In 1990, 57 per cent wanted to go into medicine primary care against 33 per cent in 2007, this previous study. Those who choose to practice general internal medicine in 2007 fell by 9% to 2%. And in 2008, the medical students only 264 U.S. chose residency training in internal medicine, primary health care, compared to 575 in 1999.


But having more physicians primary care is a cornerstone of most of the strategies to improve the quality of health care and reduce costs to the United States, the authors of the current study report. Their finding appears in the issue of the Journal of the American Medical Association on May 25.

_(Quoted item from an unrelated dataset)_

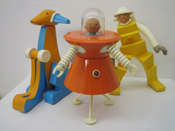 會接觸到何家超是他與搭檔所創作的 Figure — THE ROCKET CLUB 系列,這系列人物造型非常有特色,色彩鮮豔大膽,而且是高質素陶瓷材質的公仔,上色均勻又有重量,相當有趣。2004年於台北東區玩具店以1200元購入。何家超早期的陶瓷公仔已經停產,最近開始走金屬材質的創作,所以就等時間換取增值的空間了。
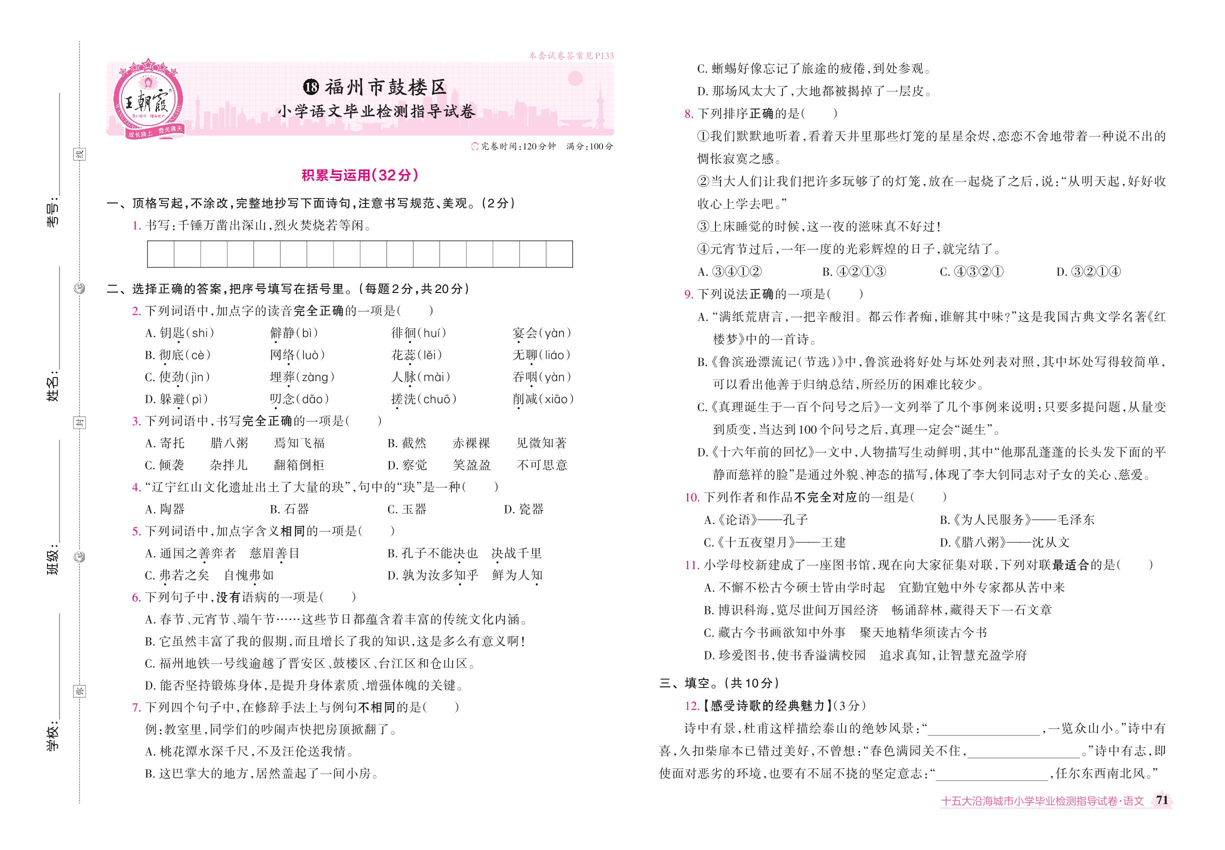 福州市鼓楼区小学语文毕业检测指导试卷【18】

These authors have watched doctor claims for Medicare recipients about 5 million of 65 years and older from files of the American Medical Association. Claims coding for medical specialty and the type of care provided, said the author of the study Chiang-Hua Chang, an instructor of research with the Center for Health Policy Research at the Dartmouth Institute for health and clinical practice in the LibanN.H policy.


Elderly people in the regions where the greatest number of primary care physicians were less avoidable hospitalizations and fewer deaths.


The differences were certainly small. For example, the recruits of Medicare living in areas where the most per capita primary care physicians had a lower rate of 6% of preventable hospitalizations.


But the authors also found that it is not enough just to receive training in primary health care. To be practical primary care as well, something that future studies should take into account, the doctors said Chang.


Many trained primary care physicians appear to be exercising in specialties like emergency medicine, or only inpatient care, she added.


"I think that this raises several important issues," said Dr. Lawrence c. Kleinman, Associate Professor of evidence and health policy at the Mount Sinai School of Medicine in New York. "We must ensure that there is adequate distribution of these physicians and primary care physicians."


"Right now, we tend to be paid when physicians of things, but we tend to value when doctors prevent things, which means manpower moves from primary health care for specialized care,", he added.


The shortage will leave?


"Not in the way in which we currently organize and fund care", said Kleinman. "Medical students react to their value and their market forces and currently the amount of the debt and the repayment of variances are trumping the values of the people and other preferences."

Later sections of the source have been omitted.